▶ [Problem to work on]:
Up to and including the line that holds "Objet - Demande", copy every line of the records below exactly, starting at the first; leave pictures out.

START Data for this exercise

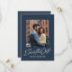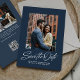 This stylish save the date features a retro inspired script "save the date" under a single photo on a classic navy blue background along with simple custom text. The back of this modern save the date has a coordinating blue stripe along with a horizontal photo, room for a custom message and a QR code for your wedding website. This vertical design is great for a trendy and stylish couple and it's a great way for the engaged couple to share wedding information with friends and family. Find more colors and styles in the collection by Lea Delaveris Design. Also available as a digital save the date download.
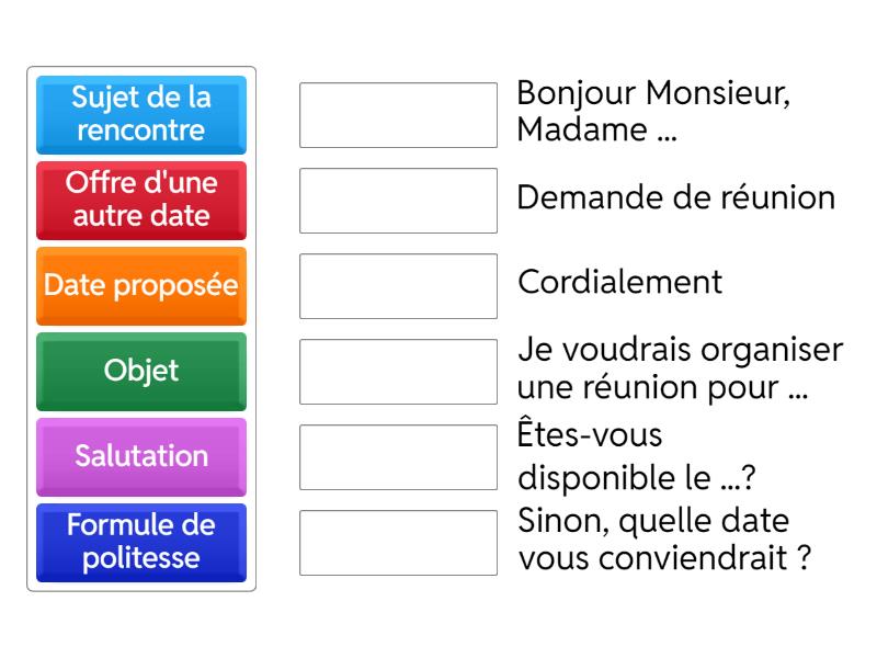 Objet - Demande de réunion , Salutation - Bonjour Monsieur, Madame ..., Sujet de la rencontre  - Je voudrais organiser une réunion pour ... , Date proposée - Êtes-vous disponible le ...?, Offre d'une autre date - Sinon, quelle date vous conviendrait ?, Formule de politesse  - Cordialement,
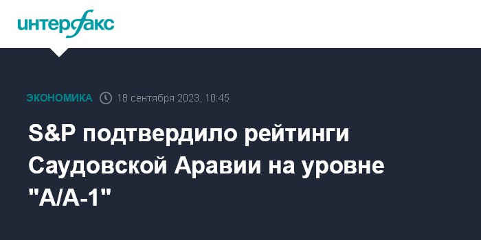 Москва. 18 сентября. INTERFAX.RU - Международное рейтинговое агентство S&P Global Ratings подтвердило суверенные кредитные рейтинги Саудовской Аравии в иностранной и национальной валютах "А/А-1". Прогноз по рейтингам - "стабильный".
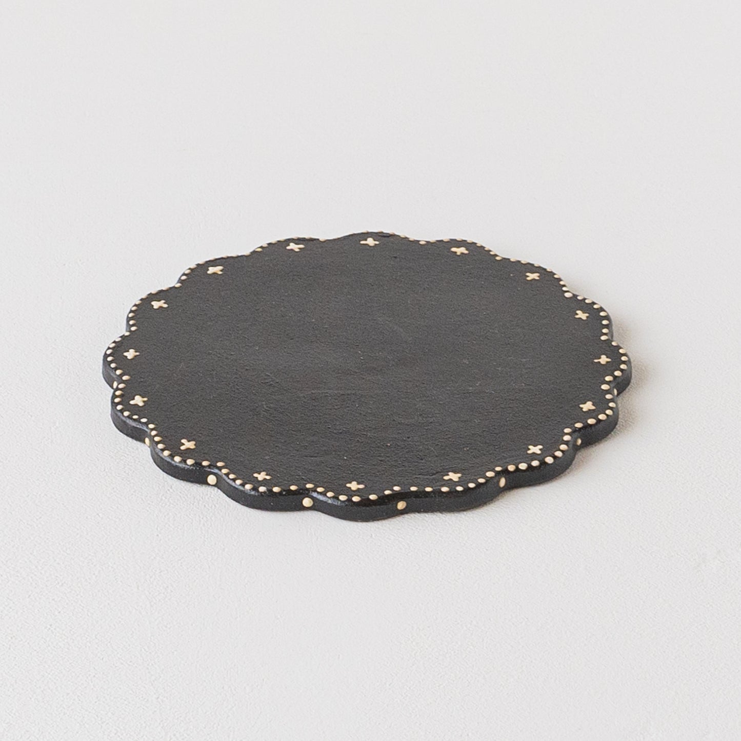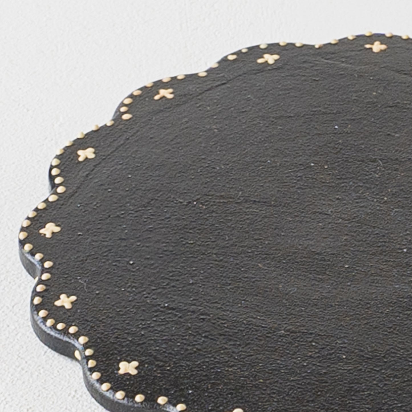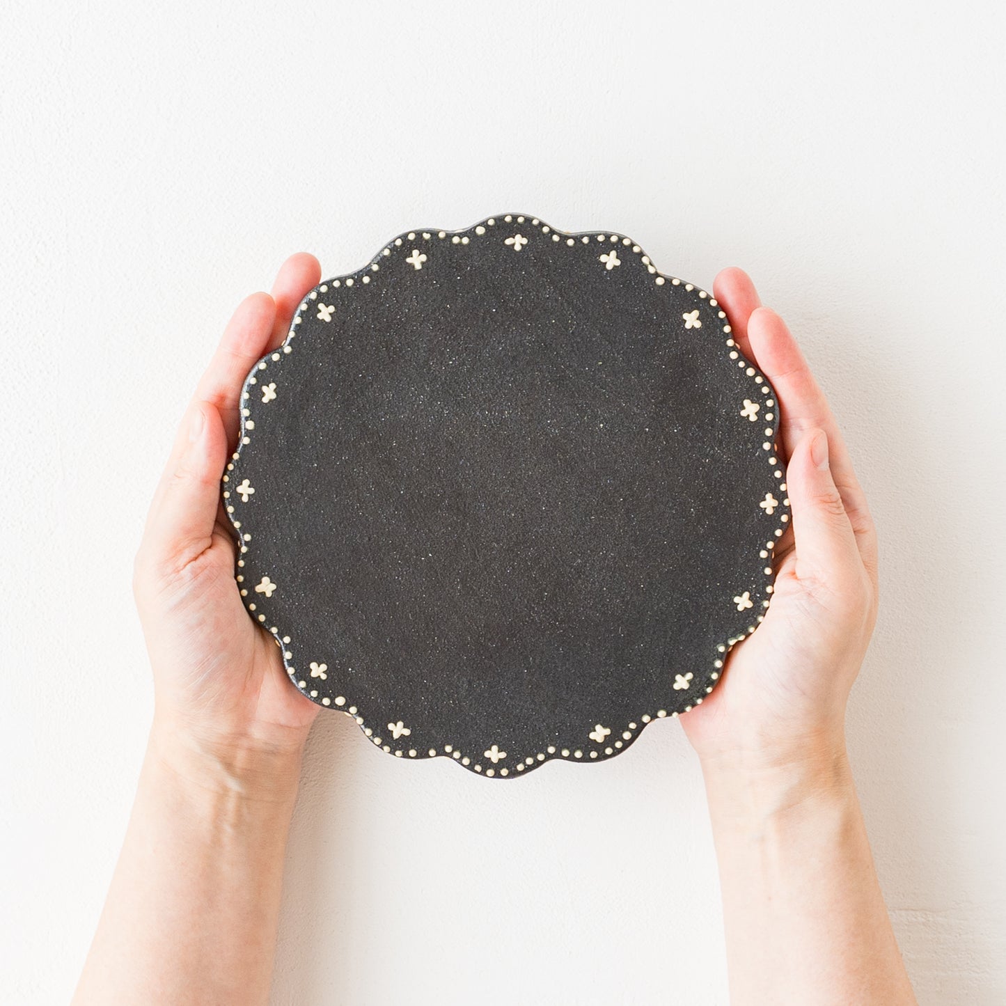 A black plate that tightens the dining table and complements the food nicely. A stylish and fashionable pattern on a black background that leaves traces of handwork will add a nice color to your dining table.
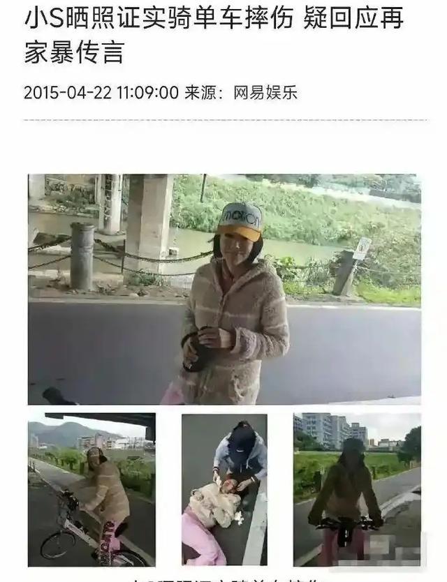 2013 - 2015 年间,小 S 多次被拍到身上有淤青,她解释是骑车摔伤。
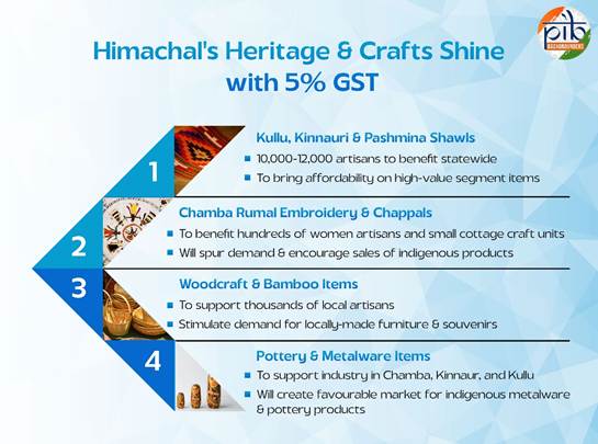 Beyond textiles, Himachal Pradesh is home to a variety of handicrafts and cottage industries, all of which have benefited from GST rationalization. The GST on most handcrafted items was reduced from 12% to 5%; this has direct implications for artisans across the state.
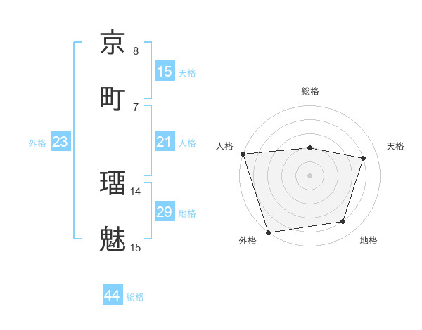 京町 璢魅さんの地格は29画の4点!
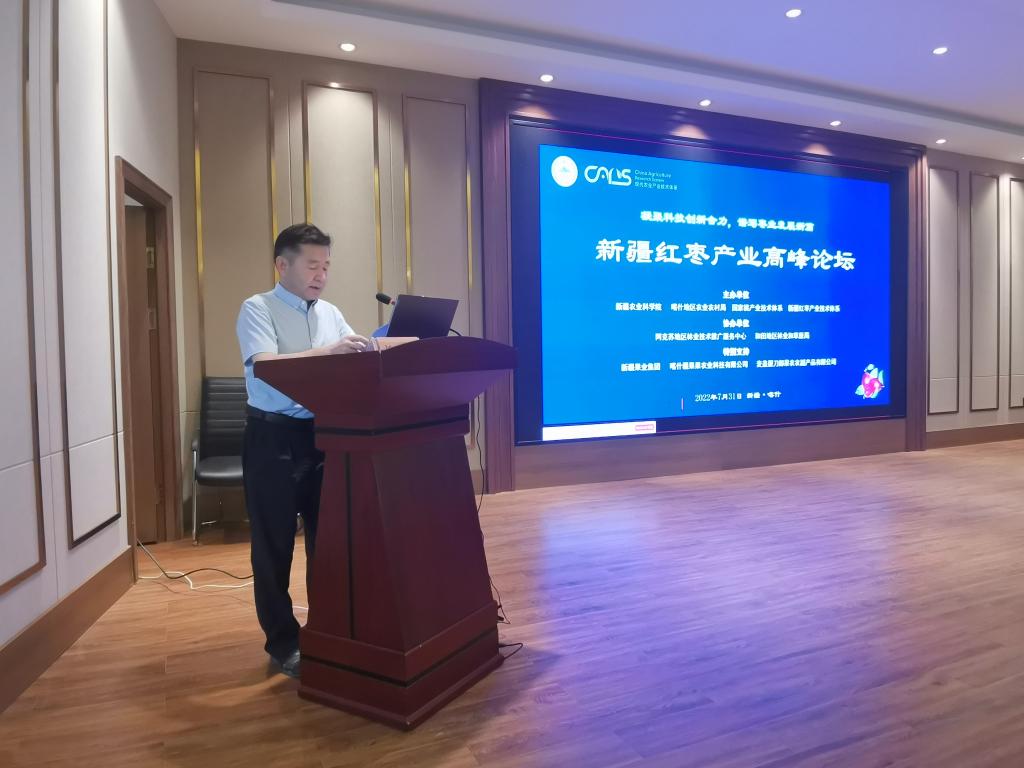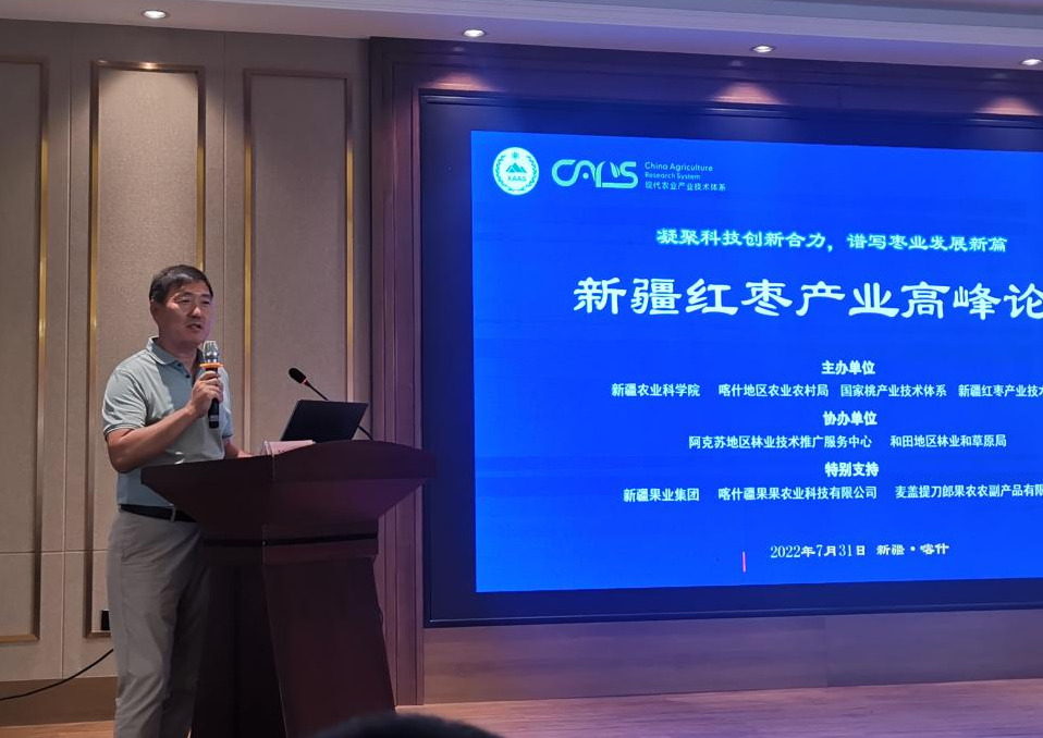 31日,红枣产业发展高峰论坛在喀什举办,我院党委委员、副院长赵德提·阿布都哈德尔,喀什地区行署党组成员郑根昌为论坛致辞。12位枣专家结合对新疆红枣等林果产业的观摩感受作主题报告和交流发言,对新疆红枣产业存在的问题提出意见建议,集智聚力,积极为新疆红枣产业健康可持续发展建言献策。(园艺所 靳娟 李丽莉)
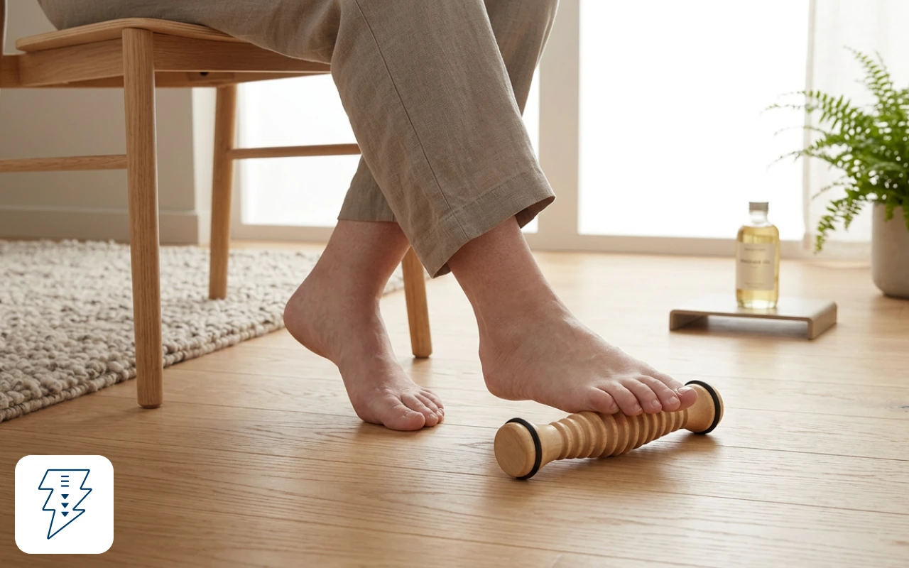 Dejo el rodillo junto a mi cama y lo uso antes de dormir. Mis arcos ya no laten por la noche y me despierto con pies felices.
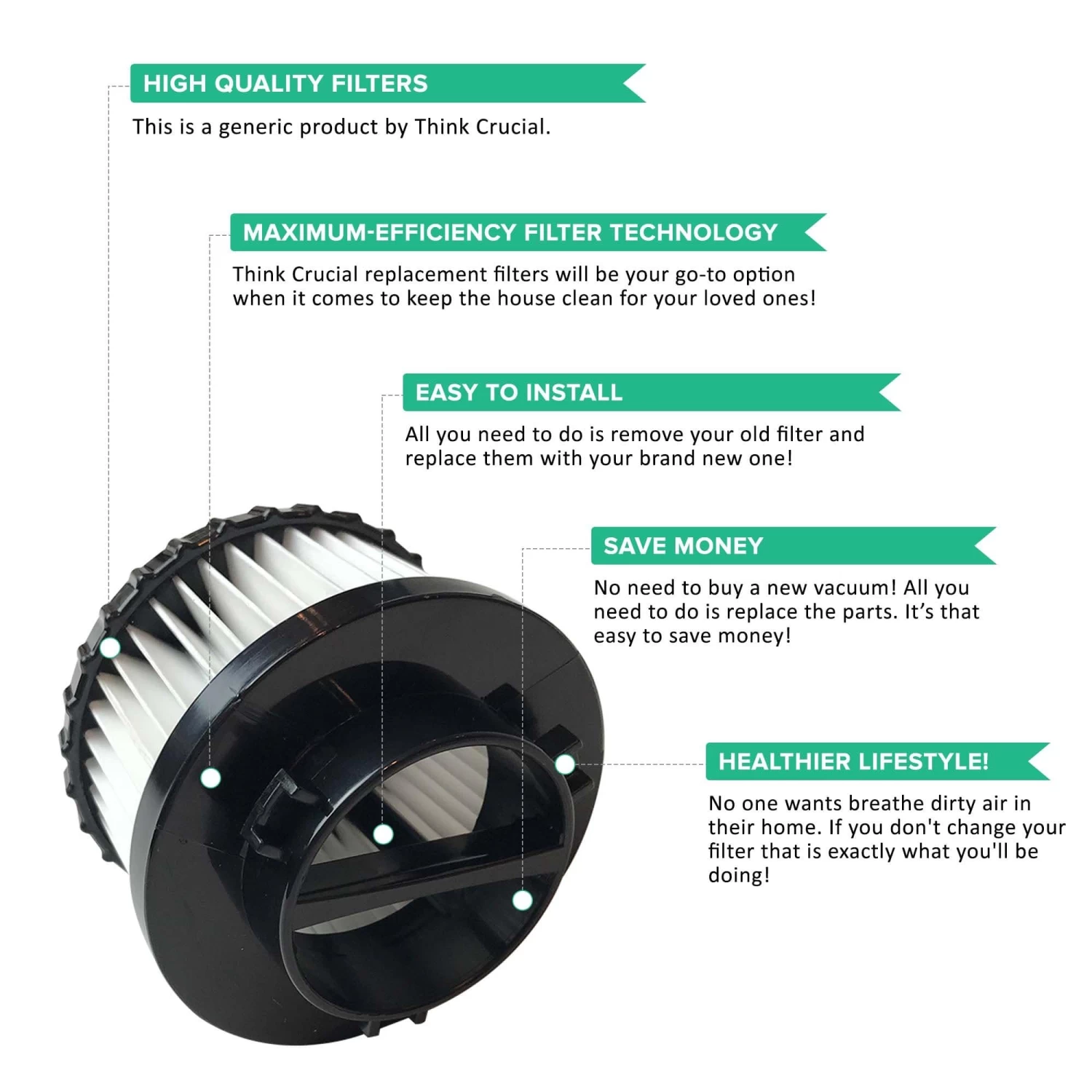 Please note the following important information about this product from Think Crucial: (i) it is a generic replacement, NOT a Dirt Devil® Original Equipment Manufacturer (OEM) product; (ii) because it is not a Dirt Devil® OEM product, it is not covered by any Dirt Devil® guarantee or warranty; (iii) use of this generic replacement may violate or void Dirt Devil’s® guarantee or warranty – it is entirely your responsibility to check, and entirely your risk if you decide to use this product; (iv) we do not guarantee or warrant that this generic replacement is compatible with any product from Dirt Devil® or any other provider. Please check your manufacturer’s warranty with regard to the use of non-OEM parts. Think Crucial provides no warranty or guarantee with regard to the product or its compatibility with your Dirt Devil® product. The Dirt Devil® brand and all Dirt Devil® trademarks belong to Dirt Devil® or its affiliates, and are used here only to explain the compatibility features of the generic replacement product.
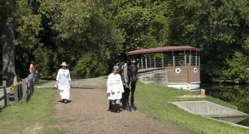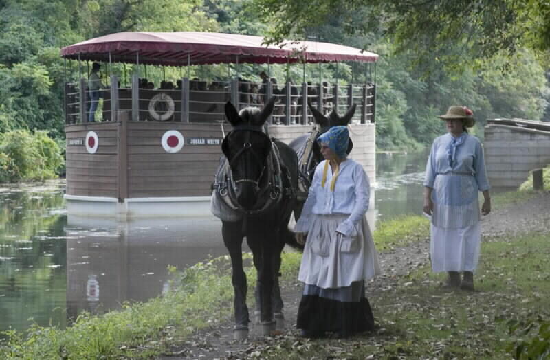 Meg Carpenito planned something special for us this year, a ride on a canal boat. After everyone finished eating and had some time to chat we all went over to the boat landing and boarded the Josiah White II canal boat. I opted to hoof it with the mules to get some pictures and video.
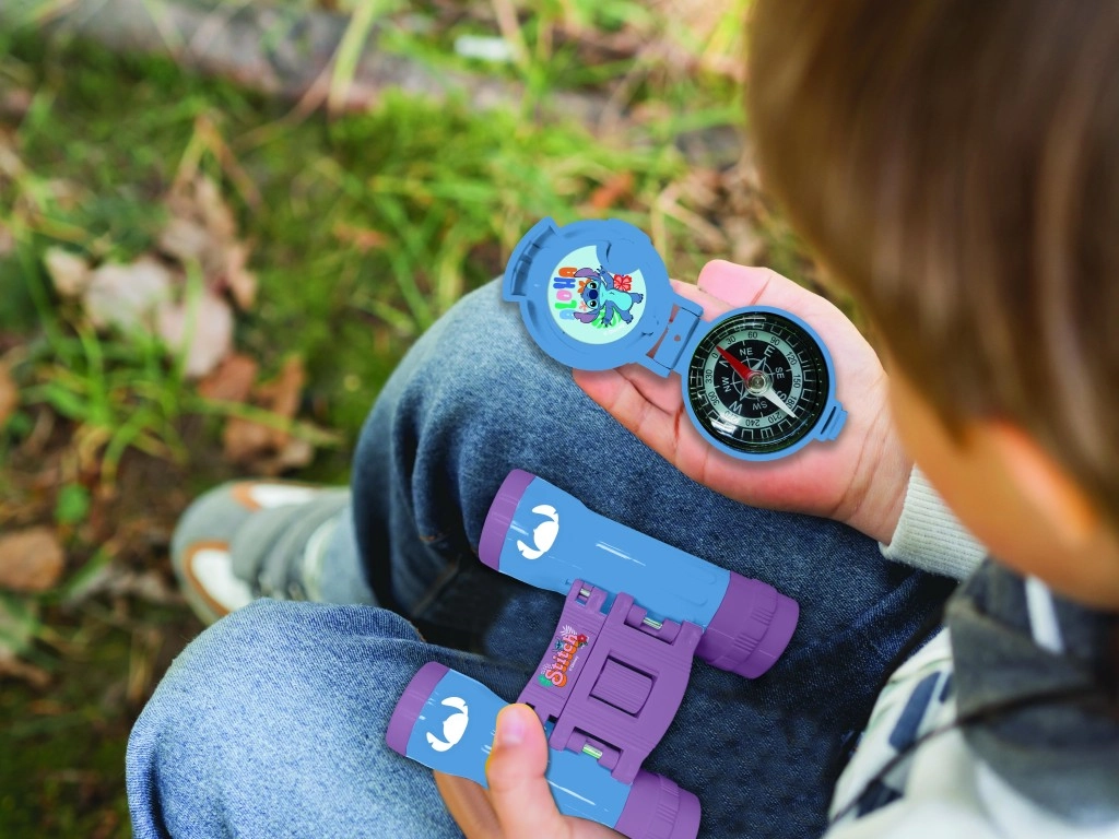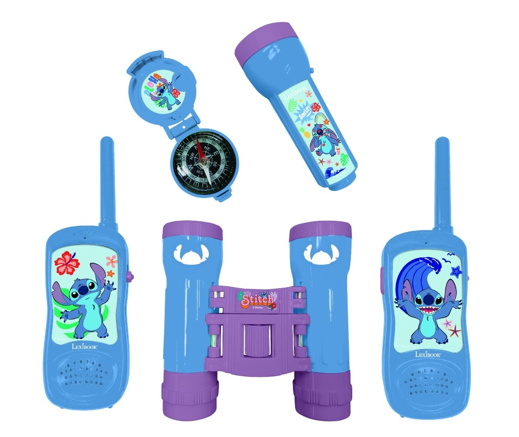 Avec ce kit thématique LEXIBOOK STITCH, les enfants partent à l’aventure. La paire de talkies-walkies encourage le jeu d’équipe et la communication, les jumelles rapprochent les détails de la nature, la lampe de poche éclaire chaque recoin et la boussole aide à s’orienter. Le tout dans un design bleu-violet assorti avec motifs STITCH et l’inscription « Aloha » sur la boussole.

END Data for this exercise

▶ [Solution to the problem]:
 This stylish save the date features a retro inspired script "save the date" under a single photo on a classic navy blue background along with simple custom text. The back of this modern save the date has a coordinating blue stripe along with a horizontal photo, room for a custom message and a QR code for your wedding website. This vertical design is great for a trendy and stylish couple and it's a great way for the engaged couple to share wedding information with friends and family. Find more colors and styles in the collection by Lea Delaveris Design. Also available as a digital save the date download.
 Objet - Demande de réunion , Salutation - Bonjour Monsieur, Madame ..., Sujet de la rencontre  - Je voudrais organiser une réunion pour ... , Date proposée - Êtes-vous disponible le ...?, Offre d'une autre date - Sinon, quelle date vous conviendrait ?, Formule de politesse  - Cordialement,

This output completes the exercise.